ABSTRACT

Peter Nyers has suggested that the title of this special issue, ‘What’s left of citizenship?’, can be interpreted in at least two ways. On the one hand, it is a question of what remains of citizenship after the securitization of political communities which followed, or was greatly reinforced by, 9/11. It is also, we might add, a question of what remains after the neo-liberal reforms of the latter part of the twentieth century. On the other hand, it is a question of what is to the left of the citizenship which has been fostered by these changes. What is there in the concept and the practices of citizenship which can serve as a vehicle for resisting, or at least for deploring, what citizenship has now become, and what scope does it provide for progressive alternatives? The papers included here have shown how securitization has served to nor-

malize new techniques of control and surveillance; suggested that it establishes a new relationship between sovereignty and bio-power; offered a fresh and revealing perspective on securitization through comparison and contrast with an earlier regime of social security; and argued that the neo-liberal subject is itself predicated on a subject of a rather different kind, the neurotic subject, and that it is this subject which programs of securitization have directly targeted. There is much in these papers which is valuable and instructive, and not a lot which I would wish to dispute.
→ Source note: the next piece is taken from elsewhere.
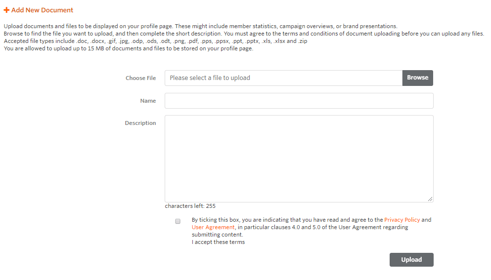 The next tab within your profile is the Documents tab. This is where you will upload any relevant documents like media kits, member statistics, campaign overviews, or brand presentations.

Rather than engage directly with the detail of their arguments, then, my comments suggest another, complementary, perspective from which the contemporary condition of citizenship might be viewed. I can introduce this perspective by noting, first, that most academic writings

on citizenship focus on developments in a small number of Western states or in the European Union, and these four papers offer no exception. This somewhat parochial focus is hardly surprising, given the weight of academic resources gathered together in these states. It is necessary and important that we examine conditions where we live, and sometimes that we campaign to change them. We should also recognise, however, that this concentration of resources itself reflects the privileged position of these states in the international order. It is all the more important, then, that these states should not appear as the unmarked terms in our discussion. We should take care not to treat what is happening to citizenship in the prosperous Western states, and still less in the English-language ones

among them, as if these developments were somehow typical of the condition of citizenship in the world today, or represented its future. I note, secondly, that both interpretations of our organizing question, ‘What’s

left of citizenship?’, rest on the positive valorization of a certain – unsecuritized, pre-neoliberal – understanding of citizenship, on the view that, suitably understood, citizenship is clearly a good thing. My aim is to unsettle this valorization by focusing first, on the divisive or exclusive character of citizenship regimes, and secondly, on the negative view of other ways of life which this valorisation of citizenship commonly suggests. I have discussed the first issue elsewhere and will deal with it only briefly here. The second has a continuing relevance in the international sphere, but it has a particular bearing on the condition of indigenous peoples in Canada and the United States (and, indeed, throughout the Americas) and in Australia, where I now live (Helliwell and Hindess 2002). Before we turn to these issues, however, the first section of this paper distinguishes two very different ways in which the valorization of citizenship has come to be associated with progressive politics: through the relatively modest, contextual view that the promotion of citizenship has often seemed like a good idea in the circumstances, and through the more ambitious, universalistic view that citizenship is a desirable end for all of humanity.